Shortly before the Senate passed the sanctions bill last week, Lautenberg’s office sent reporters a flow chart diagramming the impact of the foreign subsidiaries loophole, with all lines moving toward Hezbollah, Hamas and Shi’ite militias in Iraq.

When asked to respond to Lautenberg’s criticism, Senator Santorum’s spokesperson Robert Traynham said that, in the end, the bill had been a compromise. He characterized Lautenberg as “only interested in scoring political points by going after the Halliburton company.”

In recent years, Halliburton, an oil services company that was headed by Vice President Dick Cheney until 2000, has come under fire for doing business in Iran through a foreign-owned subsidiary.

While Santorum and Lautenberg have negotiated over a measure to address foreign subsidiaries several times, including last week, they could not agree on such details as how long to give companies to divest, and whether the American government, before imposing a penalty, should have to prove that an American company established foreign subsidiaries for the purpose of evading sanctions.

Despite the political wrangling, Democratic leaders, along with the influential pro-Israel lobby the American Israel Public Affairs Committee, are generally hailing the Iran Freedom Support Act as a vast improvement over its predecessor, the Iran and Libya Sanctions Act, which was approved in 1996.

“We’re happy that a broader extension of the sanctions was passed, and believe that that was very important in terms of sending a clear message to Iran,” an aide to Senator Robert Menendez, a New Jersey Democrat who attempted to amend the measure on several fronts, told the Forward.

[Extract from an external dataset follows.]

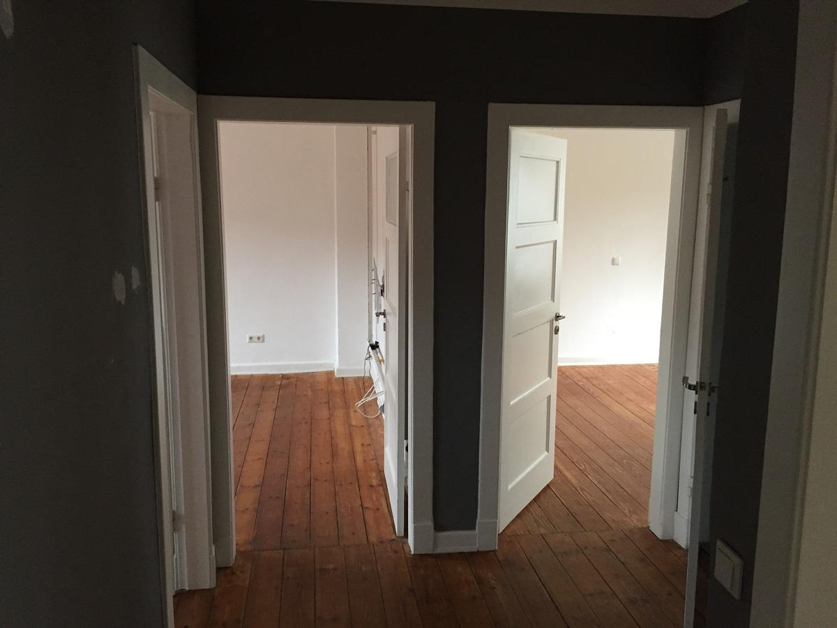Alle Wohnräume sind mit typischem Hamburger Dielenboden ausgestattet (Bad gefliest). Die Doppelschiebetür erlaubt sowohl eine offene als auch eine getrennte Nutzung und unterstreicht den klassischen Altbau-Charakter bei gleichzeitig hoher Vermietbarkeit.

The current act extends existing sanctions on foreign and American businesses investing in Iran’s petroleum sector for five years. Several new provisions strengthen the earlier legislation, including the measure giving the United States authority to pursue financial institutions used for money laundering in the acquisition of weapons of mass destruction; the authorization of funding for pro-democracy groups in Iran, and newly mandatory sanctions against commercial entities that assist Iran in acquiring weapons of mass destruction or destabilizing conventional weapons.

The bill also states that it is the sense of Congress that the United States should not enter into agreements with governments that are assisting Iran’s nuclear program or transferring weapons or missiles to Iran — a measure seen as a warning to Russia and China, both fellow members of U.N. Security Council.

Menendez, the ranking minority member of the Senate’s banking committee, was prepared to offer four amendments during the mark-up for the Iran sanctions bill, which was originally scheduled for September 28. Senator Bill Frist subsequently decided to bypass the banking committee and bring the bill directly to the full Senate.

According to a Menendez staffer, the amendments the Senate Democrats sought that were not part of the final version of the bill included a provision to address the foreign subsidiaries problem; a measure urging American pensions to divest from entities that violate the Iran sanctions, and several steps designed to encourage Libya, which had been covered by the expired sanctions bill, to meets its financial responsibilities to the families of Americans killed in the bombing of Pan Am Flight 103.